初年度は3人が入社したがすでに全員退社している。去年は6人が入社したが半年で4人が辞め、残る2人はボーナスが支給された7月で会社を去った。オーナーは始めたばかりの新卒採用にすっかり自信を無くしている。
今後のために辞めた全員に3万円払うから理由を聞かせて欲しい、と連絡を取ったところ、3万円に釣られて全員が応じた。
オーナーは「大学を出てウチのような会社に来ること自体が程度が悪かったのか」と自問自答した。

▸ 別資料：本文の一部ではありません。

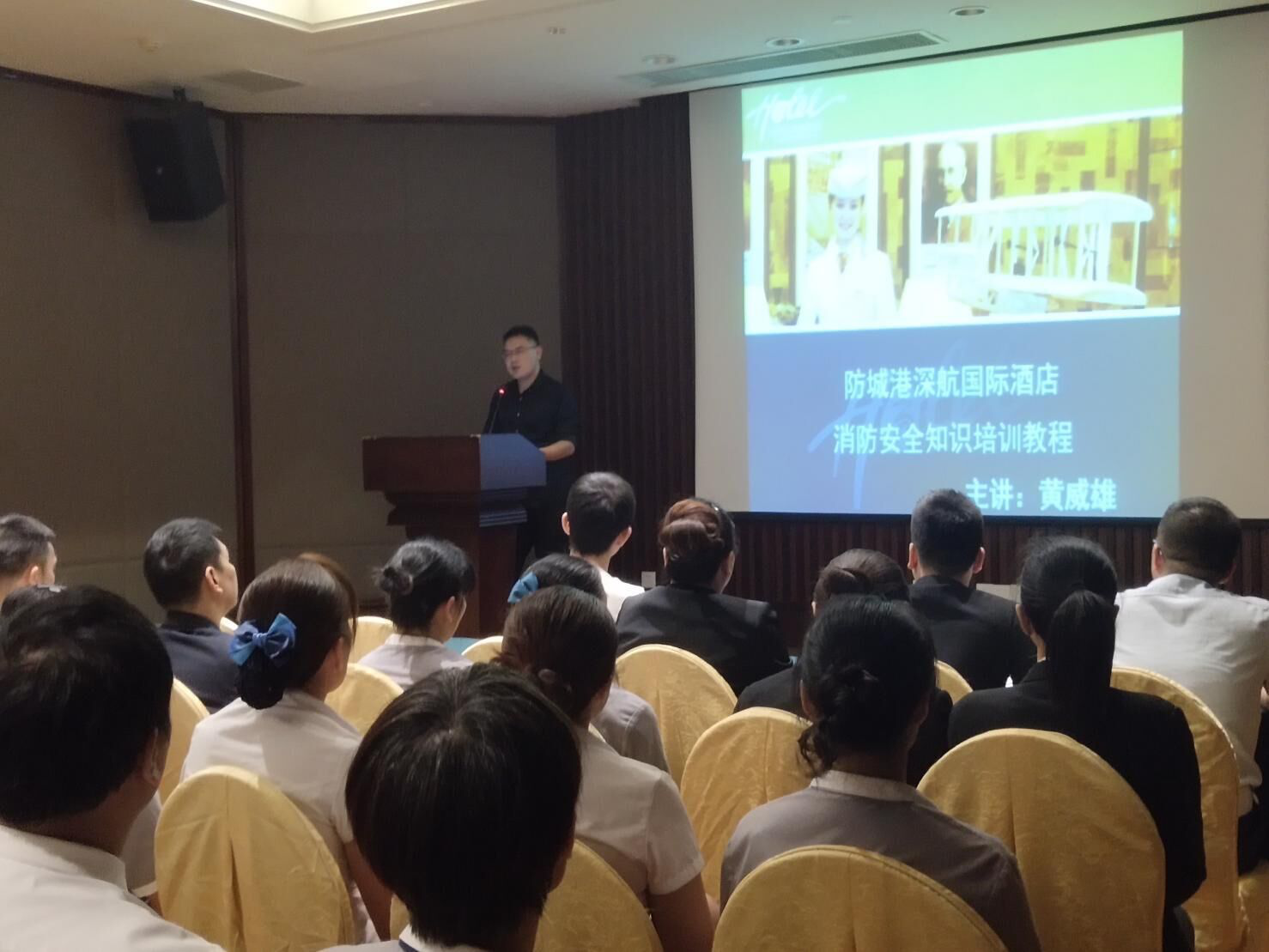 根据酒店业主公司和酒店管理公司下发的关于各子公司(项目)安全生产消防工作专题会议文件指示精神,以及防城港市消防救援支队关于确保东盟“两会”、祖国70周年华诞及环广西自行车赛期间的消防安全要求,为进一步提高酒店全体员工的消防安全意识和义务消防队伍的应急救援能力,确保酒店在国庆节假日期间的安全生产经营,在总经理和业主办的全面部署和指导下,酒店有序地开展了2019秋季消防安全生产月活动。

辞めた全員が上からの指示がないと動かない指示待ち族で、自分の方から積極的に動こうというタイプではなかった。
辞めた理由は「遣り甲斐を感じなかった」と異口同音に口を揃えた。
ボーナスと退職金制度は3~4年前に整えられていて、給与面では特に不満はなかった、という。
辞めた理由が遣り甲斐が感じられなかった、ということが分かって、オーナーは「ホールで働いて遣り甲斐を見つけさせることができなかった上司が悪い」という判断を下した。
来年入社予定の内定者は8月現在でゼロ。
新卒採用を担当する人事課長は「大卒の新卒を採るのは止めませんか」と喉まで出かかったが、飲み込んだ。
オーナーは新卒を採用しても長続きしないのは、人事課長の責任にしてしまった。その結果総務部へ異動。新たに採用コンサルを外部から入れることにした。そして、8人採用を目標に掲げている。
元々定着率の悪い会社で新卒を育てたこともないのに、人数だけ揃えても意味がない。
断片的な情報しか入っていないので、そのホール企業が新卒者に対してどのような教育を施していたかわ分からない。
大手の新卒採用となると内定が決まった時点から内定者研修が年に2~3回は行われる。それは内定者の気持ちをつなぎ留めておく意味合いが強い。内定者同士の顔合わせやチームワークとコミュニケーションを図ることが狙い。併せてビジネスマナー研修なども行われる。入社式の1カ月前に最後の内定者研修が行われるケースもある。身だしなみ確認、社員となる心構え、社会人への気持ちの切り替えなどが目的だ。
新卒を迎えるに当たって教育担当者の研修も行われる。年間の昇進・離職データを共有し、成果が上がる職場環境を作るためのGOODサイクル・BADサイクルについて学ぶ。
入社後はすぐに1週間余りの合宿研修ののちに店舗へ配属される。
現場に出てからも入社1カ月にフォローアップ研修が行われる。先輩社員を交えての悩み相談会が開かれる。その後の3カ月、半年、9カ月とフォローアップ研修も欠かさない。
新卒を受け入れる側もここまでやっているわけだが、前出のホール企業ではそこまでやっていなかったような気がする。人を採用してもその後の教育がいかに重要かが分かるケーススタディだった。